With such as these, we need to foreground the playful aspect of our work. It _is_ fun, but they do not see how, nor do they see how they could be having fun in that particular way. It is possible, however, to present the thin end of the wedge here, and also to present more drinks and hors d'oeuvres at special open house sessions at humanities conferences. And back at the home institution, it is also possible to con people into collaboration, sharing your expertise with them, and getting a bit of theirs as well. Get together. Share food and drink and an interest in _their_ work, without mentioning yours much, except to brainstorm occasionally about what a splendid multimedia project their work could be turned into. Have them seeing The Vision before you have them seeing the angle brackets.
Humanities computing could be the driving force behind interdisciplinarity, and a lot of really fun collegiality if we wanted it to be.
There will always be work for which our technologies are not particularly useful--or at last not specially or crucially useful. They can always be applied to almost any intellectual work as an efficient display and delivery tool, or add multimedia presentations that very greatly enhance a more "traditional" form of humanities work that does not in itself depend on digital analysis, but only some kinds of humanities work--that which is at least somewhat quantifiable--can be taken to where the digitization becomes the very heart of the matter. (I bet someone will jump on that.)
I'd say, any digital humanist who has not done any 100% non-digital work recently should probably do so at his or her earliest convenience. Send in a proposal for a paper in an entirely non-digital literary, history or art history conference. It can be a means of re-establishing contact with potential digital humanists, but it is certainly also as good a mental exercise for us as a little digitization is for the non-technical humanist.

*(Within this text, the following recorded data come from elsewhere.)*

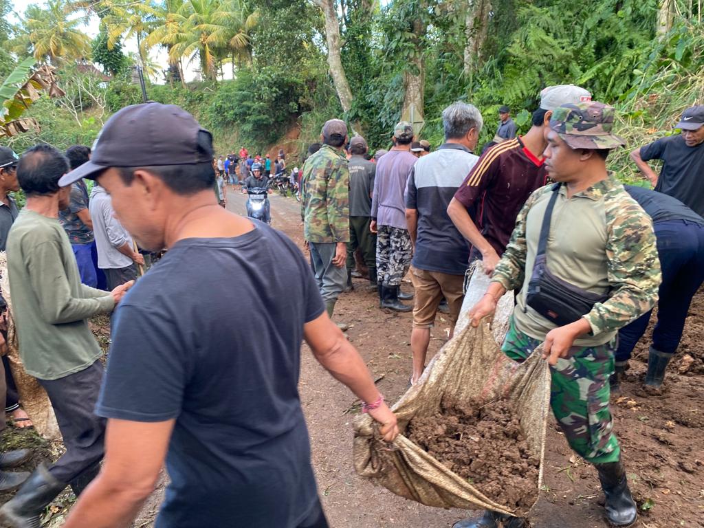 Terpantau di lokasi Babinsa bersama sama dengan warga bahu membahu membersihkan material longsoran. (Pendim Jbr/Red).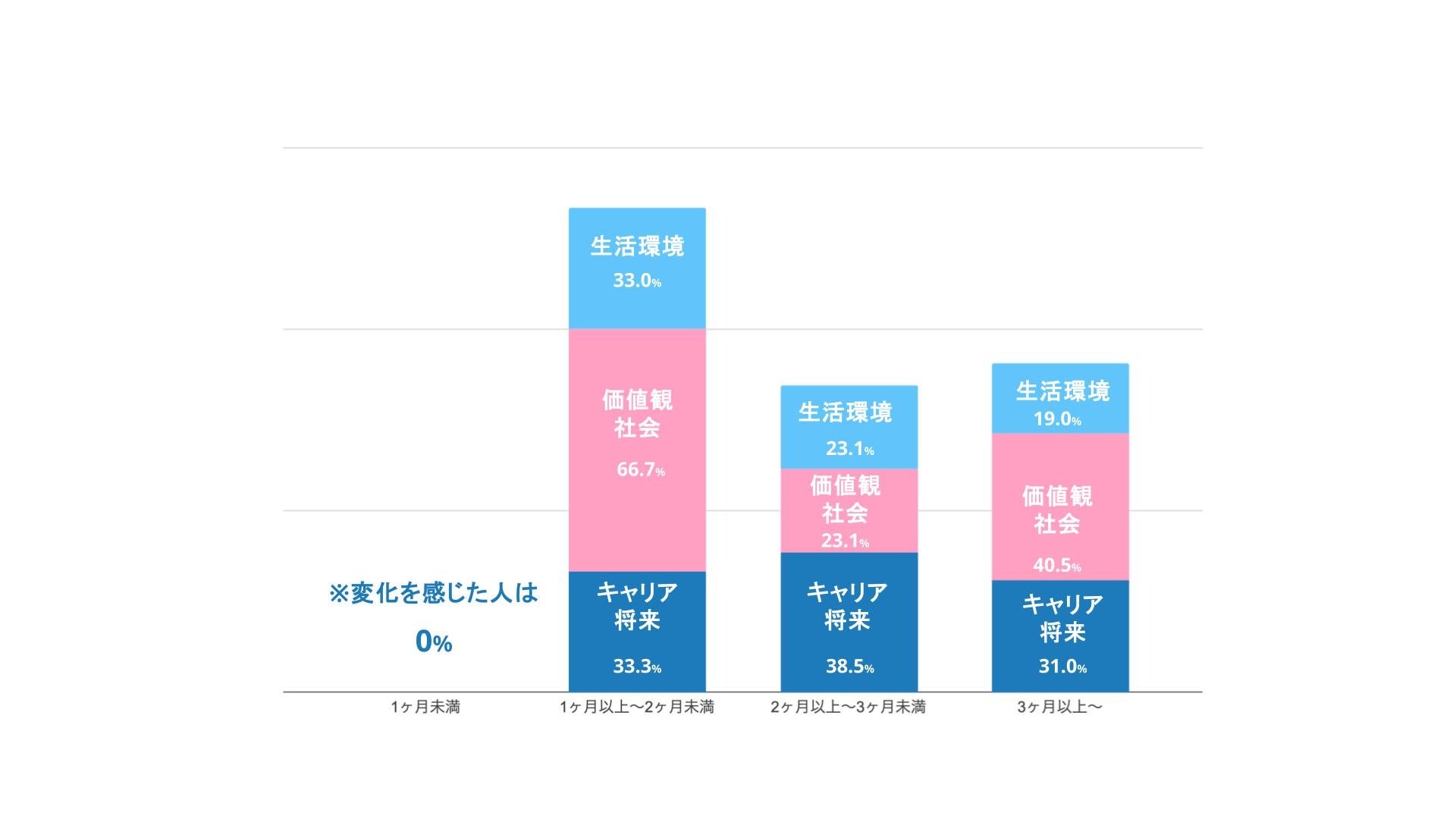その結果、1ヶ月未満ではいずれの項目も0%と変化が少ない一方で、1ヶ月以上就業した層では、価値観や社会:66.7%、キャリアや将来:33.3%と、大きな伸びを示しました。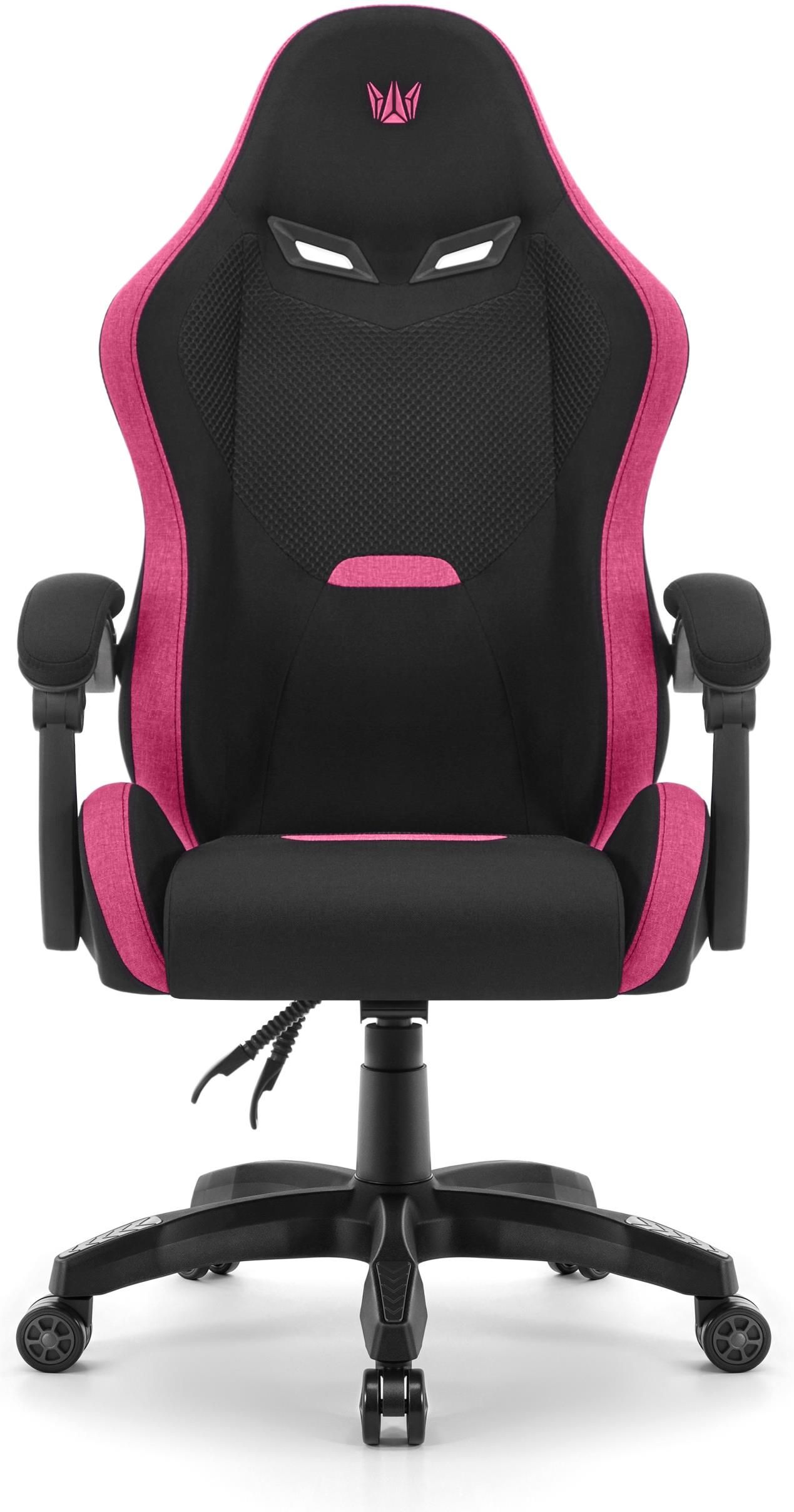 Глибокий чорний колір з яскравими рожевими акцентами створює ефектний контраст, що ідеально вписується в сучасні ігрові сетапи з неоновим підсвіченням або кіберпанк-атмосферою. М’яка тканинна оббивка приємна на дотик, дихає і виглядає дорого.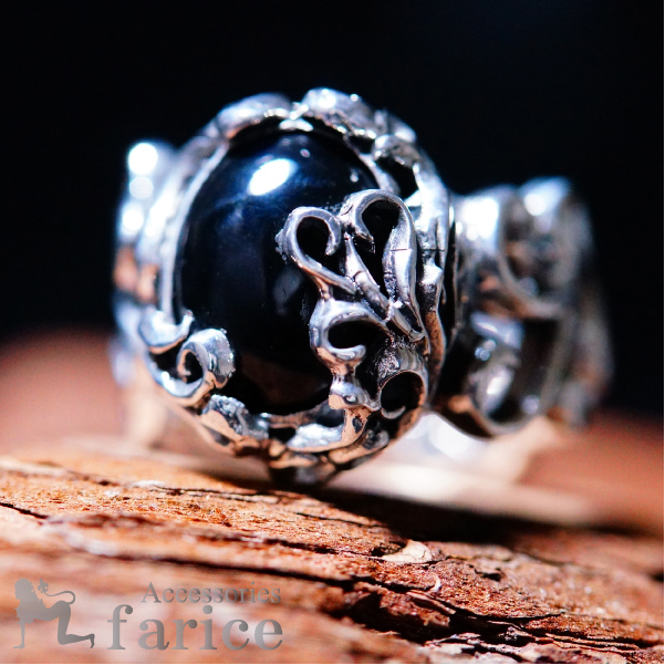 オニキス 天然石 アラベスク透かし彫り シルバー925 リング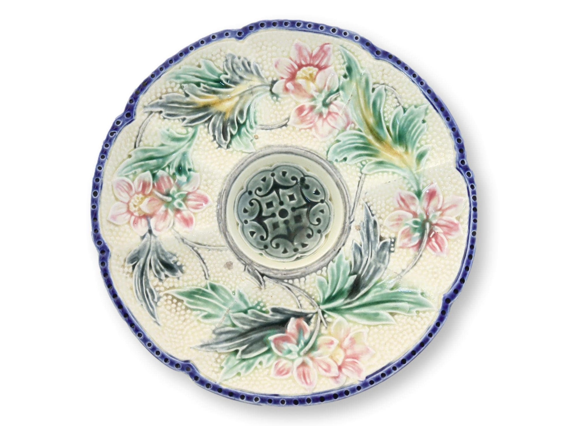 Exquisite set of Antique French Barbotine Majolica Oyster Plates. Crafted with intricate artistry, each plate tells a story of timeless elegance. Add a touch of coastal beauty to your table. With a set of six plates, you can indulge in the pleasure of serving and savoring oysters in a truly luxurious manner. Whether displayed as a decorative accent or used for special occasions, these plates are a collector's dream to find in a set of six. Painter's mark on underside. Made circa 1890.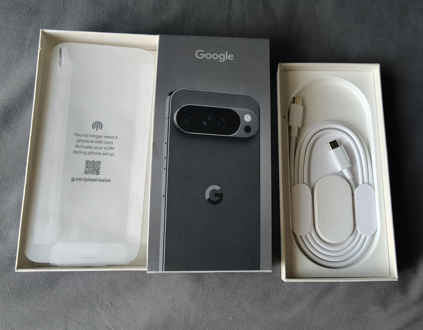 Google Pixel 10 Pro XL w/ original box, charging cable and Latercase aramid fiber (Midnight) case ($59)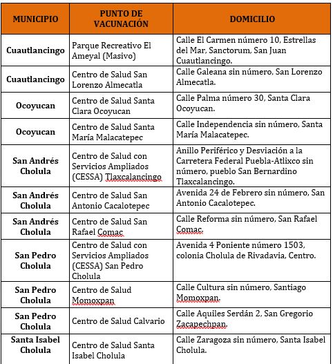 – Las instituciones que integran la Brigada Correcaminos (SEDENA, Bienestar, ISSSTE, IMSS, ISSSTEP y Servicios de Salud) llevarán a cabo, del miércoles 06 al viernes 08 de julio, la jornada de vacunación contra la COVID-19 para menores de 5 a 11 años 11 meses cumplidos en cinco municipios de la zona conurbada (Santa Isabel Cholula, San Pedro y San Andrés Cholula, Santa Clara Ocoyucan y Cuautlancingo).
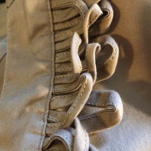 Color is a safari tan with a back zipper entry and sleeveless style. V neckline has pretty fabric loops all around to create a great frame! Cotton/ spandex blend in a woven fabric with fabric belt. Bust measures approx 19 inches flat across and center back length is approx 36.5 inches.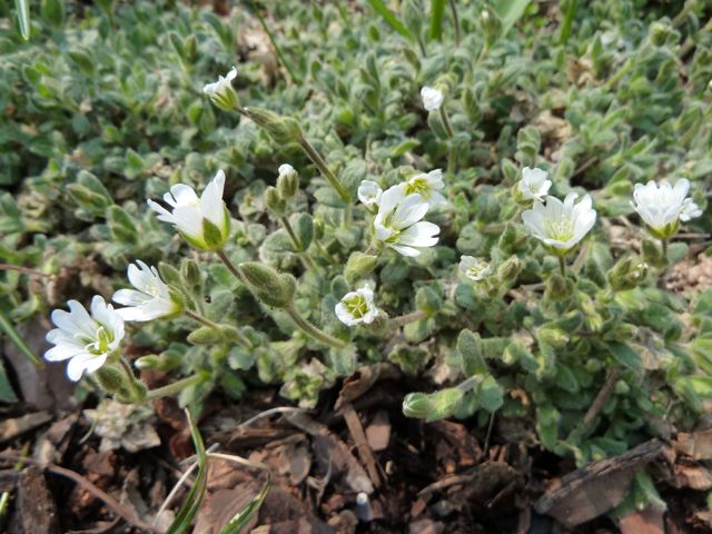 Cerastium alpinum ssp. lanatum is blooming here; would be better in lean conditions than the regular soil it's in: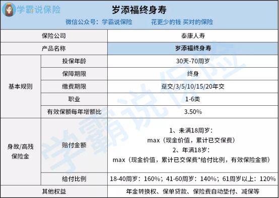 综合来看,岁添福终身寿险的投保门槛比较低。

I speak from experience. 8-)
PRB
Joris, and all,
I do think that numerable emerging projects (like Kevin Kiernan's 'Edition Production Tool' (EPT) and Sebastian Rahtz' Open Office TEI filter) are doing an increasingly good job at both abstracting away form the TEI-particulars and hiding the major amount of time and work involved in applying XML by hand. Which is what good software tools should be all about: abstracting from technical particulars and supporting any process in such a way the it becomes faster, more efficient and easier to use. Thus providing the tools that answer to the scholars intuition when handling and structuring text, seems a good way forward to me. That mark up recedes into the background due to such abstracting developments is a good thing. Just like you don't need to know the XML particulars of an OTD-XML file to write a perfectly comprehensible letter in Open Office, you shouldn't need to know the TEI-XML particulars when structuring a text for literary research purposes.
The difference between writing a letter in OpenOffice and structuring a text for research is that the former is not necessarily an intellectual effort. The intellectual effort has been made by those that studied people's letter-writing habits and needs and designed the Open Office XML format.
You're right of course in advocating the use of tools that wherever possible hide the complexity of markup. But what these tools can hide is only the admittedly not very pleasant sight of lots of brackets and ampersands. All of the other complexities (e.g. what in TEI terms would be called add's and del's and unclear's and gap's and app's and rdg's and all of these nested and/or overlapping...) are there because digital editions do things that are complex. You need to understand them one way or the other.
The research value is in the act of structuring, not in the particular tagset used and not even in the mark up model applied.
This may be true if you are analysing a text for your own research purposes. But we should also try to create enduring digital resources. For durability, ease of maintenance and mutual intelligibility it is important to try to stick to standards (and therefore, to learn them).